Timebound publishing. I like and don’t like timelines. When someone came up with the idea of blogging, it immediately rooted. If you were around before, you’d have noticed that we built ugly websites with some navigation in the left by topic and mostly static content. Someone then thought that it’d be good to journal the entries. And it was good because up there, right when you open up the site, the most recent content always shows first. That is convenient, both for the producer of content and for the reader, so it quickly became the de facto standard. It was obviously endorsed by social media when they were born… twitter will show last tweets first, same with facebook, instagram, etc. It’s simply better… but it also has some drawbacks. It puts an emphasis on new, and new is not necessarily more relevant. I know it’s ironic to make this point from a blog, but I myself suffer from this. You may have noticed by now that I make an effort to write with very few reference to time sensitive content. I mostly try to reflect on stuff that is timeless. Then sometimes I point someone to this blog and realise that, perhaps, my last post is not really representative. Time is not really relevant for what I write. I acknowledge this is useful for habitual readers, but again, this convenience comes at a cost: we get fed by new, not by better, and time buries the most powerful ideas into the oblivion of the vertical scroll.
All in all, my feeling is that all these trends have turned the Internet into one big shopping mall full of indistinguishable clothing franchises.
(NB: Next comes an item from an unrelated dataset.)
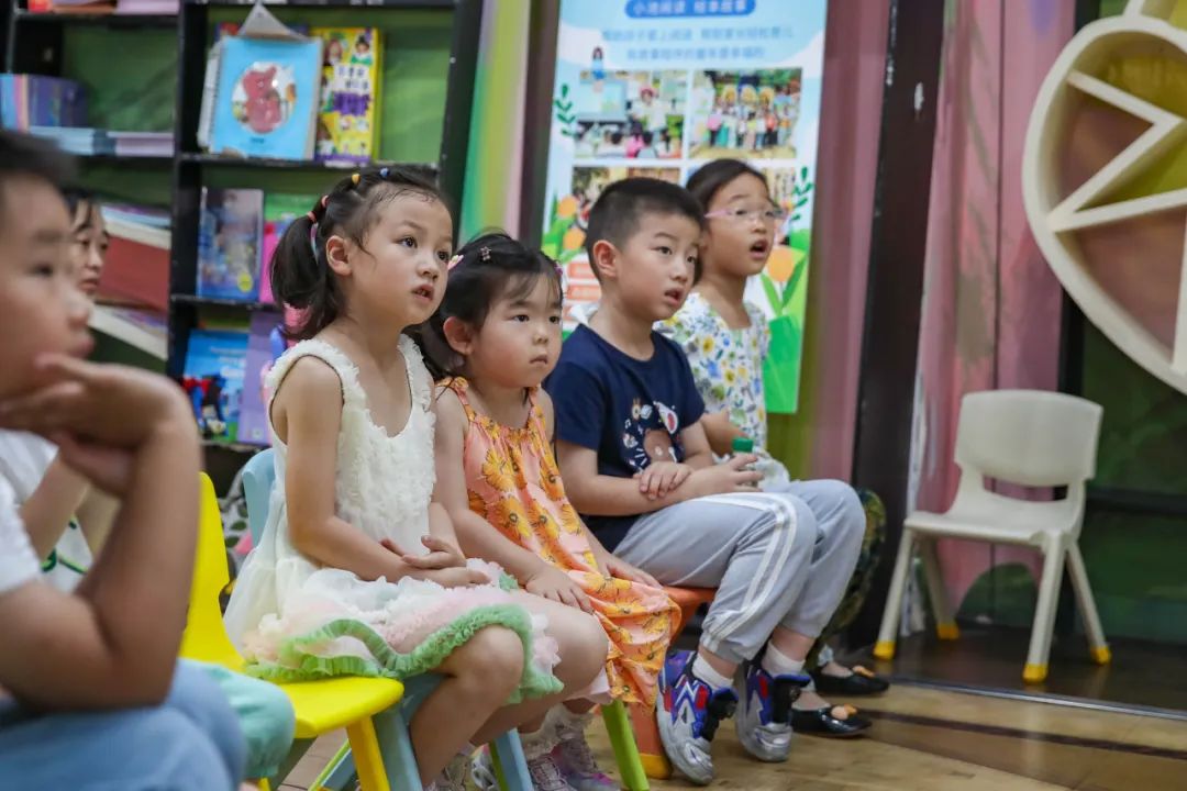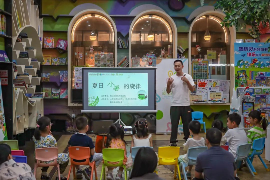 在钟书阁一楼的时间童书馆里,松江区图书馆的段小刚先生通过生动有趣的故事和生动的图文展示,向孩子们介绍了夏季节气的习俗来源和特点。"这段时间小暑节气会发生什么神奇的事情?”段小刚说,“中国古代把小暑分成三候,一候温风,二候蟋蟀居宇,三候鹰始。”孩子们睁着好奇的大眼睛,认真地倾听,沉浸在节气文化中。

The internet is full of people on a Saturday evening, buying the same stuff, getting excited by the last trend, a trend that some big corporation deducted by running analytics on the last purchasing behaviour of the masses. This is our brave new world. We must reclaim our soul, also in the digital space; we must restore our digital souls, run away to the digital villages, to the digital libraries and to the digital bars. We will have to find them, though. We may have to build them.